═════ Material for this exercise

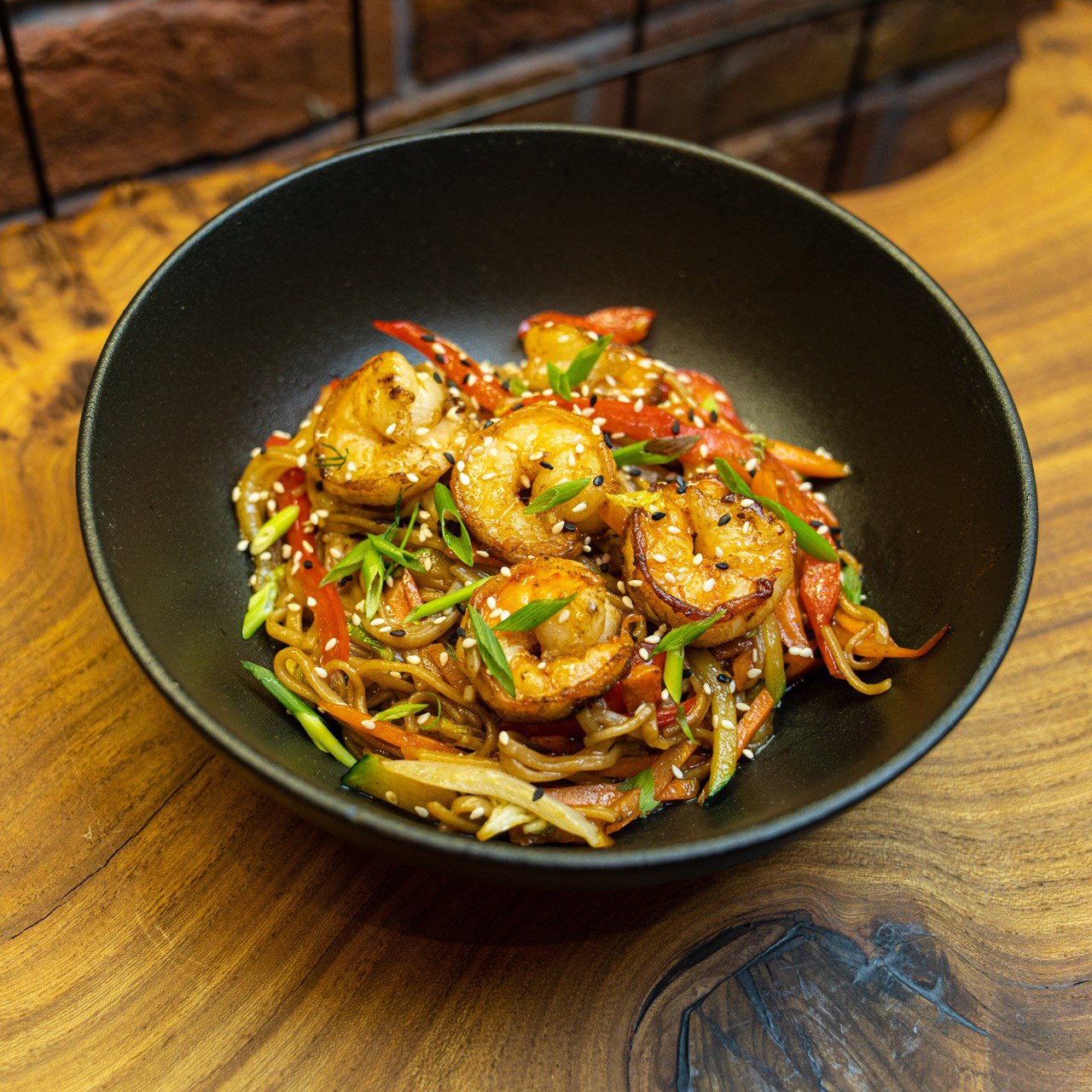 Лапша удон/ рисовая лапша, креветка, пекинская капуста, перец болгарский, морковь, цукини, соус терияки, кунжут, зеленый лук
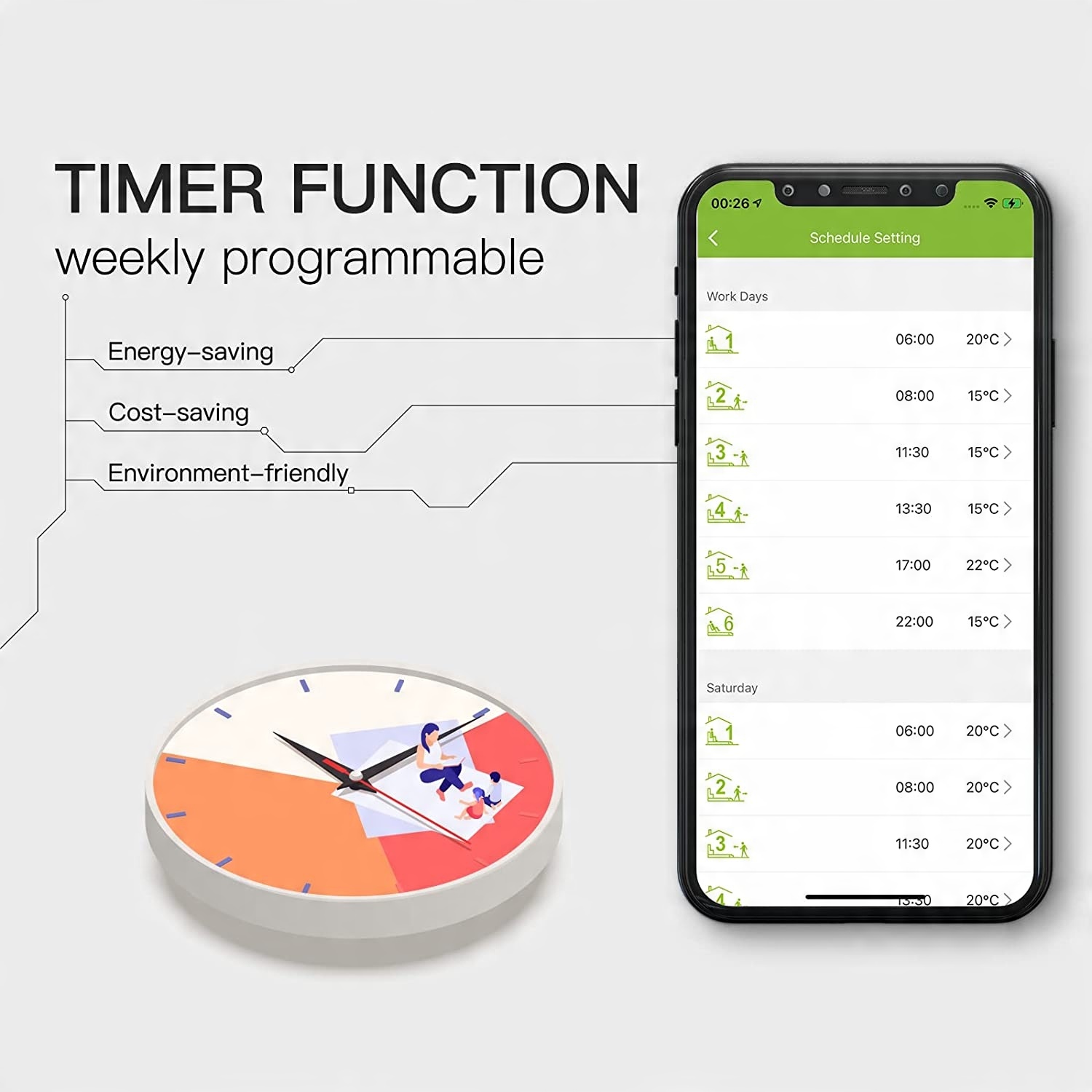 Дистанційне керування програмою для смартфона: дистанційно контролюйте температуру в домі, щоб досягти підвищеного комфорту через наш додаток MOES із необхідним концентратором, простим керуванням на смартфонах будь-де, підтримкою створення місцевих продуктів групи/частки для необмеженого централізованого контролю над кількістю продуктів/багатотермінальний контроль для справжнього інтелекту.
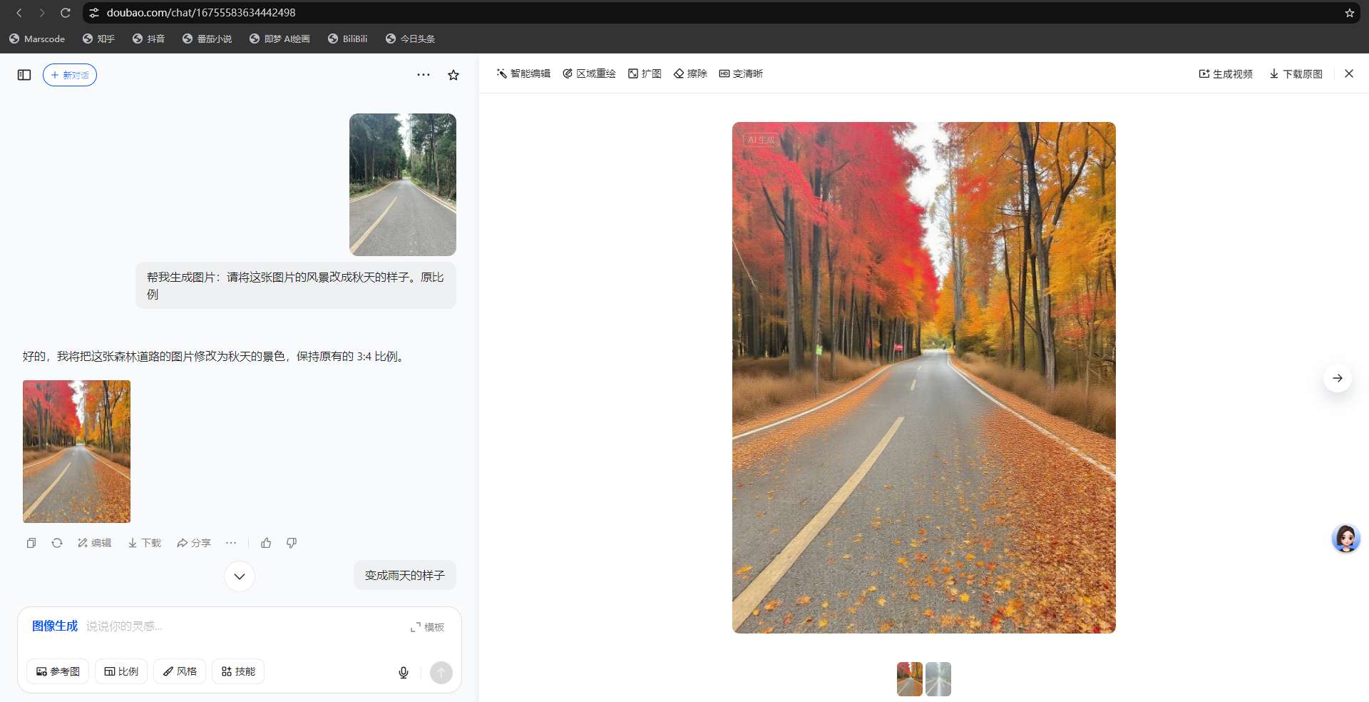 然后将地图和你要修改的想法告诉deepseek,让他给你一个修改的提示词,在将这个提示词给到豆包,即可完成一个产品设计图。 - 输入具体需求(如:“帮我生成图片:请将这张图片的风景改成秋天的样子。原比例”)
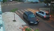 Câmera de monitoramento registra colisão entre carro e moto na rua Benedita Soares
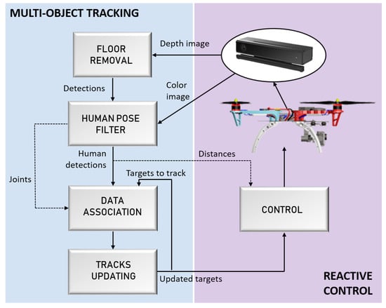The general architecture of the proposed system is presented by Figure 1, where the stages of the proposed Multi-Object Tracking algorithm (Section 4) are represented in the left column. This algorithm takes the information captured by the sensors placed in the UAV, and gives the location of the found individuals to the reactive control module, which is rendered in the column on the right.
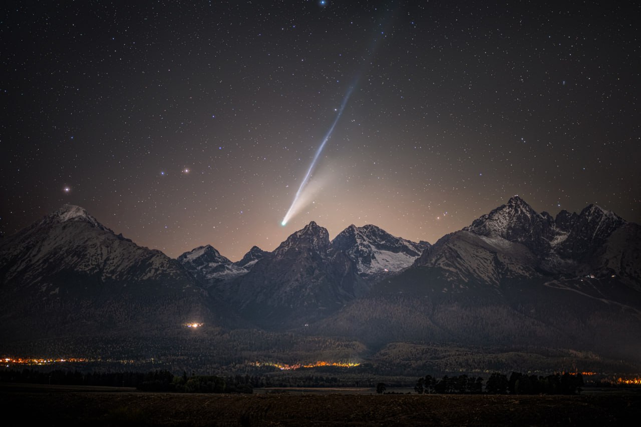 1 - Комета над Верхними Татрами, Словакия Автор: Tomáš Slovinský. 20 октября 2025 года. Сумма 50 кадров полученных с помощью камеры Sony A7III (астро-модифицированная) и объектива Samyang 85mm (30 s, f/1.4, ISO 3200).
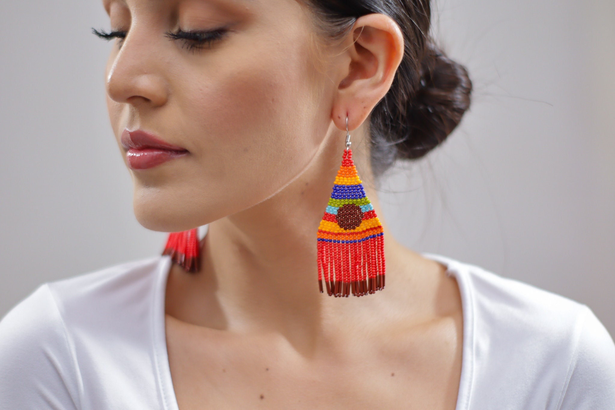 These beaded bohemian beauties feature a vintage-style striped pattern featuring a red base with vibrant and earthy accents. Their ample size ensure that color will splash down to your jaw line and beyond, giving your daily that special touch.
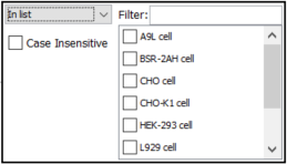 - The IN LIST (and NOT IN LIST) operator which requires you to enter a comma separated list of values (e.g. 1,2,4,8,16). Since IJC 5.3.2 "smart paste" has been implemented when the IN LIST operator is specified, which allows easy pasting of values when present in a recognisable format that is not comma separated. This includes copy of a list from the lists and queries window, text format when the values are separated by new line characters, and a column of values from Excel or Open Office.
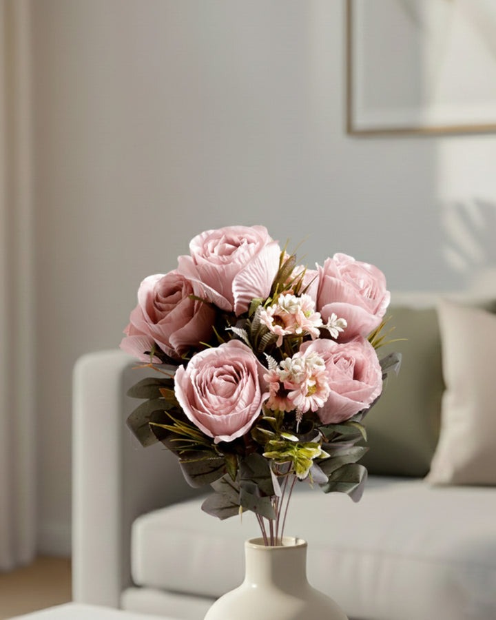 The Timeless Rose Faux Flower Bunch showcases 7 beautifully crafted roses with realistic petals and lifelike foliage. Each bloom exudes elegance, featuring intricate detailing and vibrant hues that capture the charm of real roses. Perfect for vases, centerpieces, or decorative arrangements, this faux bouquet adds a romantic and sophisticated touch to any space. Durable and maintenance-free, it’s an everlasting way to bring the beauty of roses into your home, office, or special event decor.
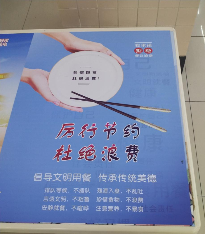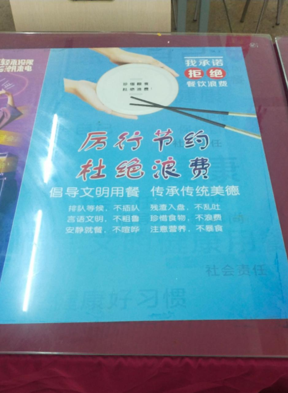 新闻网讯(记者田莉)“厉行节约,杜绝浪费。”走进学校食堂,餐桌上一条条醒目的标语率先映入眼帘。
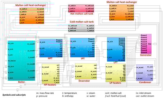 As illustrated in Figure 4, the power plant subsystems and molten salt TES unit were individually modeled in accordance with the laws of mass conservation and energy conservation, and subsequently integrated into a complete system. For the power plant, dynamic models were incorporated for key components, including the combustion furnace, economizer, steam drum, water wall, reheaters, superheaters, turbines, HP and LP heaters, condenser, and deaerator. For molten salt TES, the primary focus was placed on the dynamic characteristics of heat exchangers and storage tanks.

══════════

__Your objective__: Exactness is what counts here: copy each entry as given and omit its pictures.

__Task output__:
 Лапша удон/ рисовая лапша, креветка, пекинская капуста, перец болгарский, морковь, цукини, соус терияки, кунжут, зеленый лук
 Дистанційне керування програмою для смартфона: дистанційно контролюйте температуру в домі, щоб досягти підвищеного комфорту через наш додаток MOES із необхідним концентратором, простим керуванням на смартфонах будь-де, підтримкою створення місцевих продуктів групи/частки для необмеженого централізованого контролю над кількістю продуктів/багатотермінальний контроль для справжнього інтелекту.
 然后将地图和你要修改的想法告诉deepseek,让他给你一个修改的提示词,在将这个提示词给到豆包,即可完成一个产品设计图。 - 输入具体需求(如:“帮我生成图片:请将这张图片的风景改成秋天的样子。原比例”)
 Câmera de monitoramento registra colisão entre carro e moto na rua Benedita Soares
The general architecture of the proposed system is presented by Figure 1, where the stages of the proposed Multi-Object Tracking algorithm (Section 4) are represented in the left column. This algorithm takes the information captured by the sensors placed in the UAV, and gives the location of the found individuals to the reactive control module, which is rendered in the column on the right.
 1 - Комета над Верхними Татрами, Словакия Автор: Tomáš Slovinský. 20 октября 2025 года. Сумма 50 кадров полученных с помощью камеры Sony A7III (астро-модифицированная) и объектива Samyang 85mm (30 s, f/1.4, ISO 3200).
 These beaded bohemian beauties feature a vintage-style striped pattern featuring a red base with vibrant and earthy accents. Their ample size ensure that color will splash down to your jaw line and beyond, giving your daily that special touch.
 - The IN LIST (and NOT IN LIST) operator which requires you to enter a comma separated list of values (e.g. 1,2,4,8,16). Since IJC 5.3.2 "smart paste" has been implemented when the IN LIST operator is specified, which allows easy pasting of values when present in a recognisable format that is not comma separated. This includes copy of a list from the lists and queries window, text format when the values are separated by new line characters, and a column of values from Excel or Open Office.
 The Timeless Rose Faux Flower Bunch showcases 7 beautifully crafted roses with realistic petals and lifelike foliage. Each bloom exudes elegance, featuring intricate detailing and vibrant hues that capture the charm of real roses. Perfect for vases, centerpieces, or decorative arrangements, this faux bouquet adds a romantic and sophisticated touch to any space. Durable and maintenance-free, it’s an everlasting way to bring the beauty of roses into your home, office, or special event decor.
 新闻网讯(记者田莉)“厉行节约,杜绝浪费。”走进学校食堂,餐桌上一条条醒目的标语率先映入眼帘。
 As illustrated in Figure 4, the power plant subsystems and molten salt TES unit were individually modeled in accordance with the laws of mass conservation and energy conservation, and subsequently integrated into a complete system. For the power plant, dynamic models were incorporated for key components, including the combustion furnace, economizer, steam drum, water wall, reheaters, superheaters, turbines, HP and LP heaters, condenser, and deaerator. For molten salt TES, the primary focus was placed on the dynamic characteristics of heat exchangers and storage tanks.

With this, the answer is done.